|Education||University of California, Berkeley|
|Known for||Author of Game Over, China Dawn, All We Are Saying: The Last Major Interview with John Lennon and Yoko Ono, the number-1 best-selling memoir Beautiful Boy: A Father's Journey Through His Son's Addiction, and the best seller Clean: Overcoming Addiction and Ending America's Greatest Tragedy.|
|Children||Nic, Jasper, and Daisy Sheff|
David Sheff is an American author of the New York Times best-selling books "Clean: Overcoming Addiction and Ending America's Greatest Tragedy" and the memoir Beautiful Boy: A Father's Journey Through His Son's Addiction. In 2009, Sheff was included in the Time Magazine Time 100, The World's Most Influential People, and Beautiful Boy was named the best nonfiction book of the year by Entertainment Weekly. The book also won the Barnes & Noble "Discover Great New Writers Award" for nonfiction and was an Amazon Best Book of the Year (2008).
Beautiful Boy was based on Sheff's article, "My Addicted Son," that first appeared in the New York Times Magazine. The article won an award for "Outstanding Contribution to Advancing the Understanding of Addictions" from the American Psychological Association.
Sheff, a journalist, has written for The New York Times, Rolling Stone, Playboy, Wired, Fortune, and National Public Radio's "All Things Considered." His interview subjects have included John Lennon, Frank Zappa, Steve Jobs, Ai Weiwei, Keith Haring, David Hockney, Jack Nicholson, Ted Taylor, Carl Sagan, Betty Friedan, Barney Frank, Fareed Zakaria, and many others. In addition to Beautiful Boy, Sheff wrote the books Game Over, China Dawn, and All We Are Saying: The Last Major Interview with John Lennon and Yoko Ono. He has also been an editor of New West, California, and other magazines.

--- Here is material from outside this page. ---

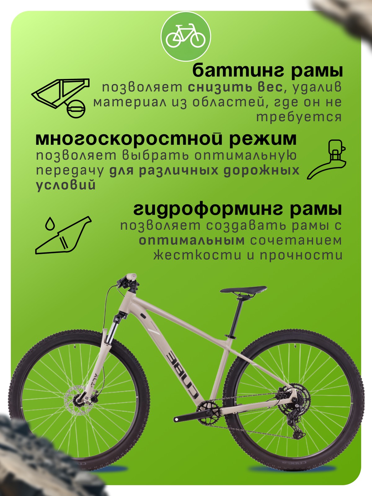 Особенности велосипеда: Алюминиевая рама, Амортизационная вилка, Баттинг рамы, Гидравлический привод тормозов, Гидроформинг рамы, Двойные обода, Дисковые тормоза, Многоскоростной.
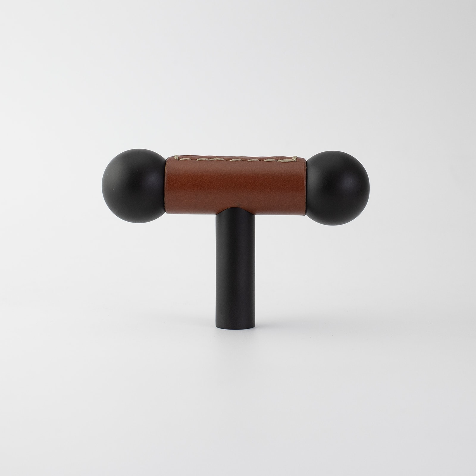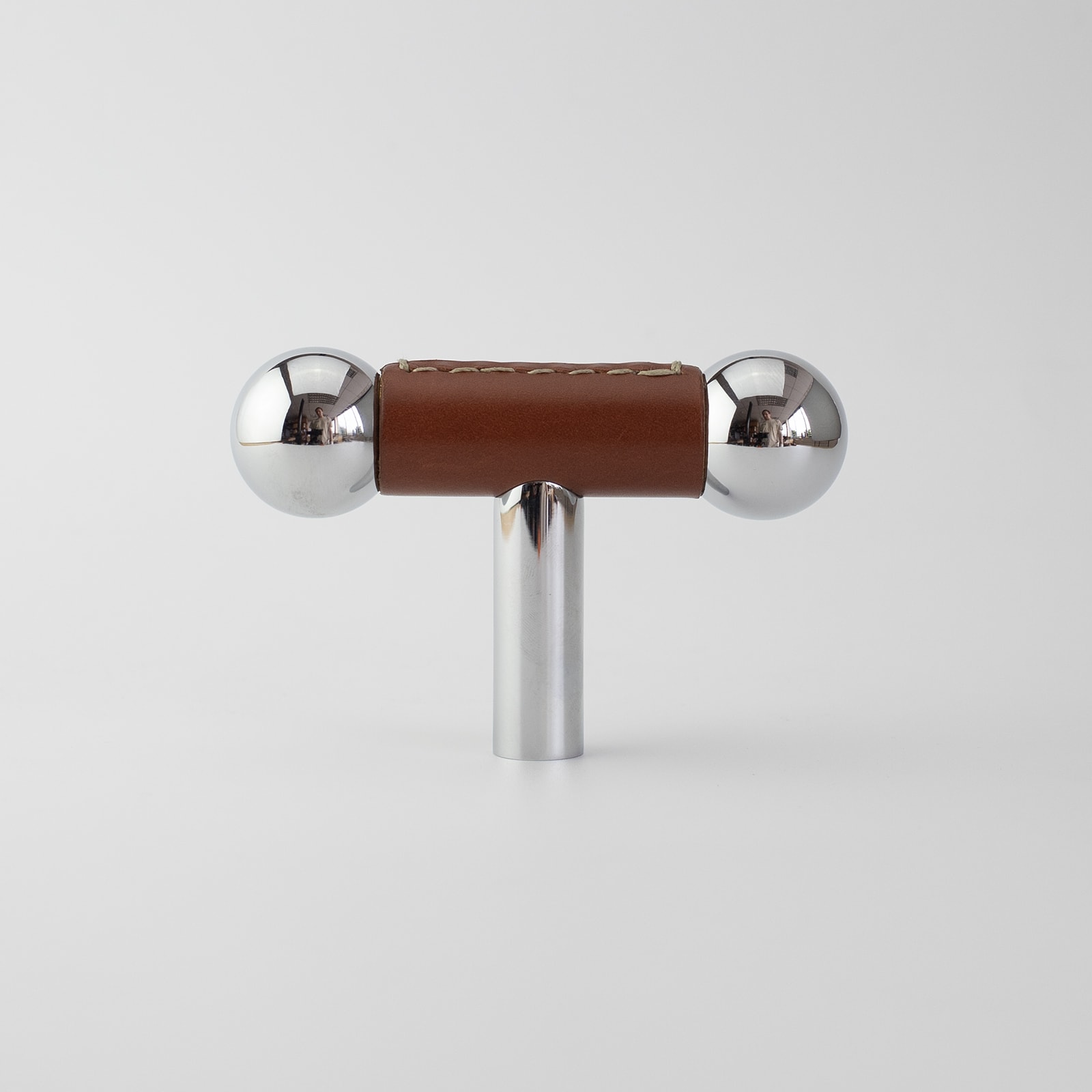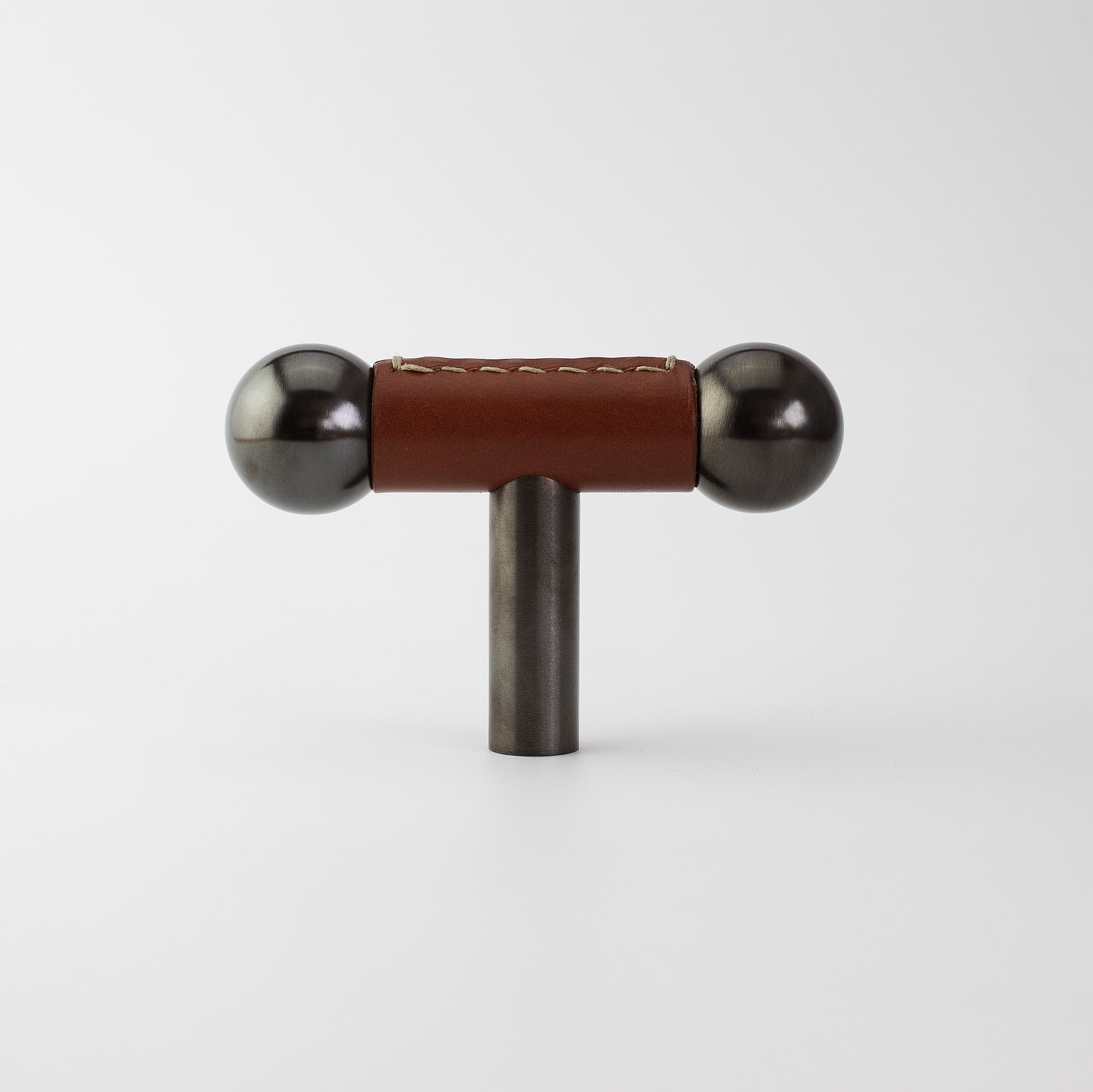 Description T-Bar Pull With Hand Stitched Leather Bar And Ball Detail, Solid Brass Material, M10 Bolt

Sheff graduated from the University of California, Berkeley. Sheff, a native of Boston, MA, lives in Northern California with his wife, Karen Barbour, an artist, illustrator, and author of children’s books. He has three children, Nic, Jasper, and Daisy Sheff. Nic Sheff has also written a memoir recounting his years of addiction in the book Tweak.